How four mobile geeks in a room took on a six-million-dollar app discovery algorithm

Janel Torkington
8 min readNov 11, 2015

I’d been working on the Content team at Appszoom for a year and a half when we decided we had to take a different approach to organizing apps.

Basically, Appszoom crawls both the App Store and the Play Store, aggregating the dual oceans of data and plopping them into our own site. From there, the editing team ploughs through the pile, reviewing any and all that look halfway decent. In addition to generating mounds of reviews (25K and counting!), we keep a nifty blog that crunches through the staggering numbers and offers curated lists of apps to do this or that. We especially try for cross-sectional lists that wouldn’t be possible via official store classification: Apps For Throwing A Great Party, Fun One-Handed Apps To Beat Breastfeeding Boredom, etc.

But nothing was taking off.

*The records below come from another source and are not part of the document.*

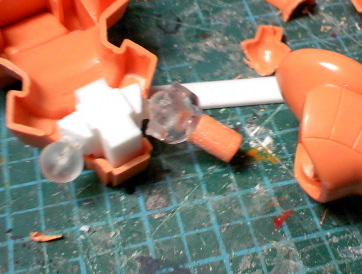 右腕のパワーランチャーは、下の方を延長して接続用のジョイントにしたほか、バランス調整で5ミリの丸いプラ棒でコンデンサ的なパーツを追加しました。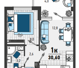 Общая площадь: 30 м2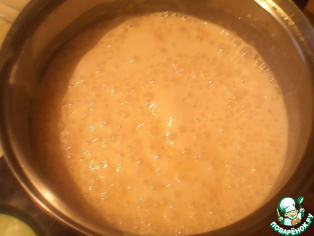 В теплом молоке разводим дрожжи, добавляем пару ложек сахара и муки. Ставим опару.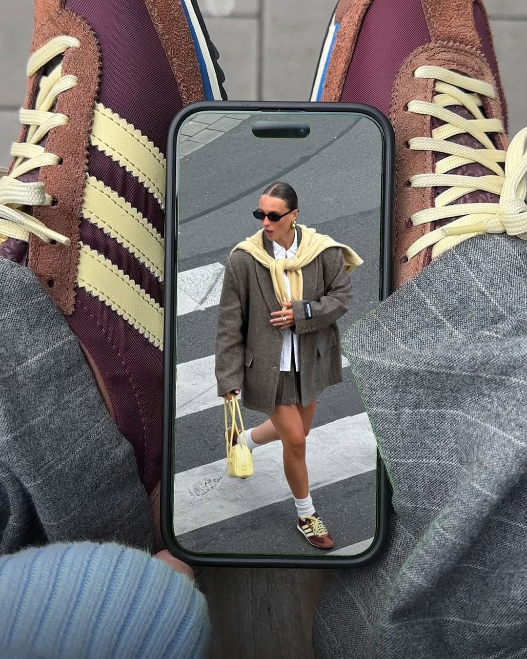 ▫️ OOTD 사진을 띄운 휴대폰을 발 위에 올리고, 다른 휴대폰으로 촬영하기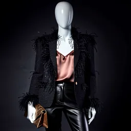 Feather Trimmed Blazer Silk Camisole Leather Pants

Our in-house editorial team wasn’t big enough to cover all possible user needs with our one-off lists, so people still needed to know an exact name of an app in order to find something to match their need.

The store categories were — and are — woefully inadequate. Categorizations as broad as “Tools” are so vague that they render themselves useless. Weirdo categories like “Libraries and Demo” stick around despite nobody having any idea WTF. Games are worse still; what even qualifies as “Casual” or “Puzzle” anymore?

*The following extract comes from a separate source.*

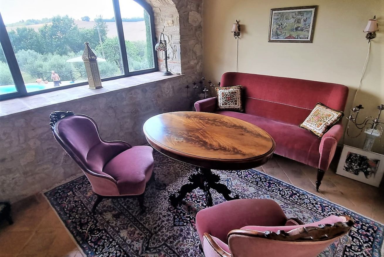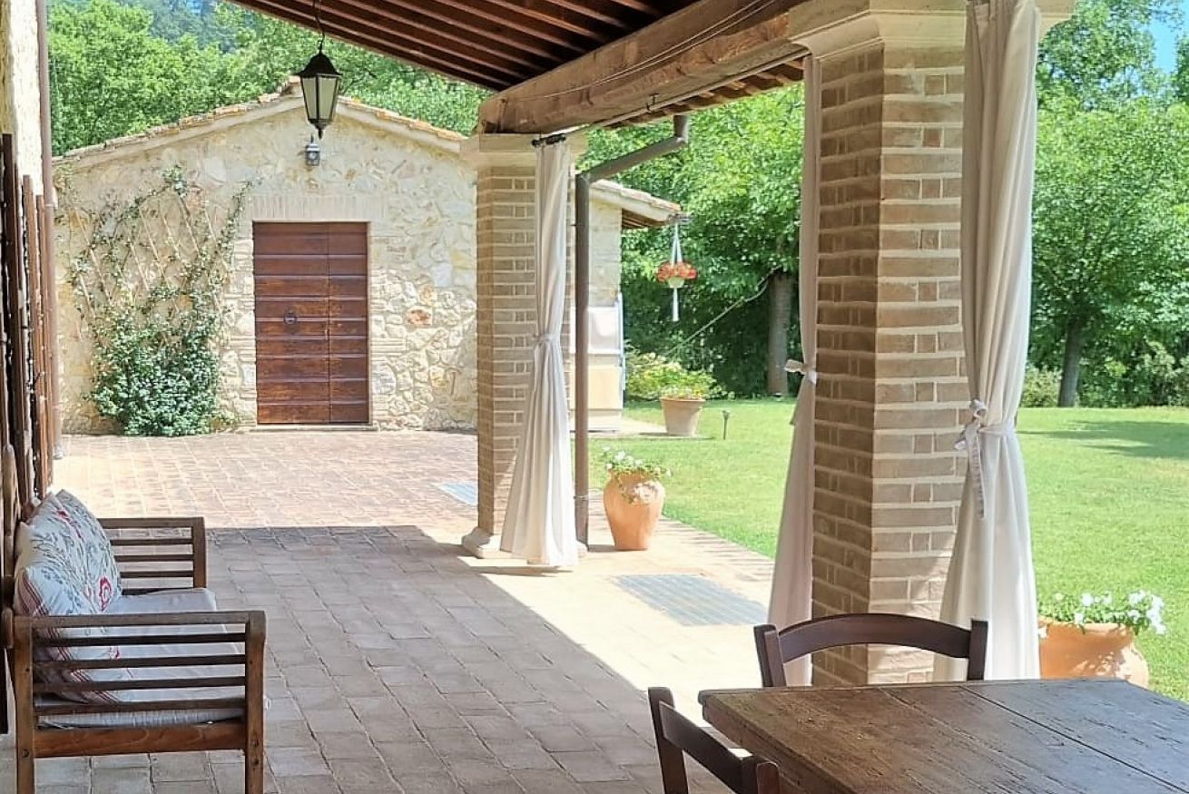 Il casale vi accoglierà in un' atmosfera tra il rustico ed il moderno. La struttura, edificata negli ultimi 10 anni, si presenta in pieno rigore stilistico con le caratteritiche estetiche degli antichi casolari umbri: muratura in pietra a vista, pavimentazioni in cotto esterne ed interne al piano terra e in doghe di noce al piano superiore, voltine in cotto contraddistinguono il soffitto dell'intero piano terra mentre travi, travetti e pianelle quelli a falda del piano superiore. L'arredo svedese fine '700 dona agli spazi interni eleganza e sobrietà.

I won’t go into how much of a joke the most popular charts have become; plenty of others have done so effectively and at length.

Screenshot from Nov. 11, 2015: Hey there, WhatsApp! What’s shakin’, Facebook?

What we saw in the market

So we started poking around. “The app discovery problem” has been a buzzword on everybody’s lips for the last several years. A handful of proposed solutions have been legitimately interesting:

  • AppCrawlr: Crawls both App Store and Play Store for keywords to automatically classify apps based on tagging system. Detailed semantic search engine. Lots of false positives. No original content. Acquired by Softonic back in March; haven’t seen any updates since then.
  • Appbrain: Crawls Play Store and indexes apps for super-duper SEO power. No original content. Plummeting Alexa, but still gets plenty of wayward traffic. “Discovery” only in the sense that they frequently show up first on Google results.
  • Playboard: User-curated lists. Android only. Web and app based.
  • Ask a question (“What is the best cross-platform note taking app?”) and get answers from the community that can be up/downvoted, reddit-style.
  • XYO: An app and web-based classification system that crawled the stores and automatically assigned a wide variety of tags. It allowed you to browse “similar apps” based on the tags, plus provided snippets of user reviews that it detected as potentially relevant. No original content. Acquired by Mandalay Digital Group and disappeared.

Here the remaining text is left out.